Winners & Sinners Capsule Reviews

Sean Gilman
The Chinese Cinema
Published in
4 min readAug 12, 2019

Kwan Tak-hing:

The Skyhawk — July 20, 2017

A weird confluence of the past, present and future of kung fu. Kwan Tak-hing plays Wong Fei-hung (as he did in almost hundred films from 1949 on), vacationing in Thailand with his apprentice Fatty, played by Sammo Hung. Sammo did the action choreography as well (and maybe you can catch his pals Mars and Lam Ching-ying doing stuntwork), but the direction is by Korean transplant Jeong Chung-hwa, who had a major hit for Shaw Brothers with Five Fingers of Death in 1972 before jumping to Golden Harvest the next year for The Devil’s Treasure, which also starred and was choreographed by Sammo Hung.
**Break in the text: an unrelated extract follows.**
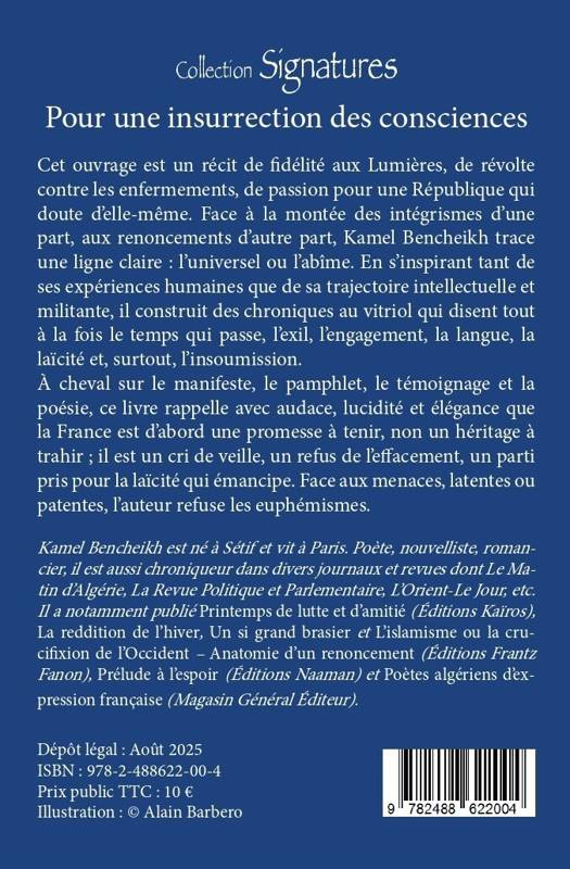 Ce manifeste est un récit de fidélité aux Lumières, de révolte contre les enfermements, de passion pour une République qui doute d’elle-même. Face à la montée des intégrismes d’une part, aux renoncements d’autre part, Kamel Bencheikh trace une ligne claire : l'universel ou l'abîme. En s’inspirant tant de ses expériences humaines que de sa trajectoire intellectuelle et militante, il construit des chroniques au vitriol qui disent tout à la fois le temps qui passe, l’exil, l’engagement, la langue, la laïcité et, surtout, l’insoumission. À cheval sur le manifeste, le pamphlet, le récit personnel et la poésie, ce livre rappelle avec audace, lucidité et élégance que la France est d'abord une promesse à tenir, non un héritage à trahir ; il est un cri de veille, un refus de l’effacement, un parti pris pour la laïcité qui émancipe. Face aux menaces, latentes ou patentes, l'auteur refuse les euphémismes.

The Skyhawk also features Nora Miao, in a far too brief role, which along with the setting amidst labor strife in Thailand, inspires echoes of Bruce Lee.

It doesn’t hang together very well, Kwan integrated better into the Sammo/Golden Harvest world a few years later with The Magnificent Butcher and Dreadnaught, and the moral philosophy of his Wong is on shaky ground in the vigilante early 70s. The villains have all the vices (gambling, drug dealing, forced prostitution, hiring Hwang In-shik, union-busting), but Wong is resolute in not responding to their provocations. His new disciple, played by Carter Wong (Sammo’s bland and handsome counter-part in the early 70s Angela Mao films), keeps fighting anyway, going so far as to ignore Wong’s command not to kill in the final battle. The tension is left unresolved, the two incompatible heroes just walk off into the sunset.

Karl Maka:

Dirty Tiger, Crazy Frog — July 21, 2017

The first of only two movies released by Gar Bo Films, the production company started by Sammo Hung and Lau Kar-wing. The company collapsed when several of its key collaborators left to form Cinema City and dominate 1980s Hong Kong filmmaking, including Karl Maka, who directed this one, and Dean Shek, who plays one of the villains (key Cinema City figure Eric Tsang cowrote the script with Maka as well).

The other Gar Bo film, Odd Couple, is vastly better, possibly because of Lau’s direction but mostly because it’s about these incredible stunt performers first and foremost, with the goofy slapstick only an added bonus. Dirty Tiger, Crazy Frog is just a Karl Maka movie with the occasional fight scene thrown in, but even those are unsatisfactory for reasons that have nothing to do with the performers: they’re too brief, they’re indifferently shot and edited, with no visual flair or sense of style (during one of Lau’s big fights, for example, he’s wearing the same basic color as his opponent, so their movements blend together into a vague gray blur rather than the distinctive swirls of clashing color that so both look cool and allow the audience to differentiate the various impossible movements of the actors.

In the late 70s-80s period, Sammo basically had two star personas. In the early films he usually plays a cocky, amoral scoundrel who’s a bit dim. Around the time of Winners and Sinners, he starts playing surprisingly badass sad sacks. This is one of the least appealing versions of the former persona, neither he nor Lau are the least bit likable (unlike their charming squabbling in Odd Couple).

Ruan Lingyu:

The Goddess — March 1, 2017

Old fashioned story about a prostitute with a maternal heart of gold that would be trite if not for the elegantly precise filmmaking of Wu Yonggong (making his first film, he served as director, screenwriter and art director) and the fact that Ruan Lingyu sets the screen on fire.

Milkyway Image/Patrick Leung:

Beyond Hypothermia — April 14, 2016

Only fitting that the first film produced by Milkyway Image should be a slick genre hybrid of blood-spattering violence and romantic tragedy. Jacklyn Wu plays an assassin with no name and no past, robotic and literally the coldest person around, who forms a tentative, yet deep, bond with Lau Ching-wan’s gregarious noodle seller just as her entire world, such as it is, collapses in a cascade of revenge. More focused than the haphazardly plotted A Moment of Romance, Wu’s 1990 film produced by Johnnie To, and more grounded in the blue-black night of Hong Kong. In that film, freedom is Andy Lau on a motorcycle, racing through the sunset. In this one, it’s Wu and the other, more earthy Lau on a raft, sliding down a rain-drenched street in the middle of the night, landing happily in a pool of mud. Both films end in tragedy: in the former one lover wanders the streets looking desperately for her man; in the latter, the agents of nihilistic violence literally trap them in a hail of bullets and crushed metal. But at least they’re together.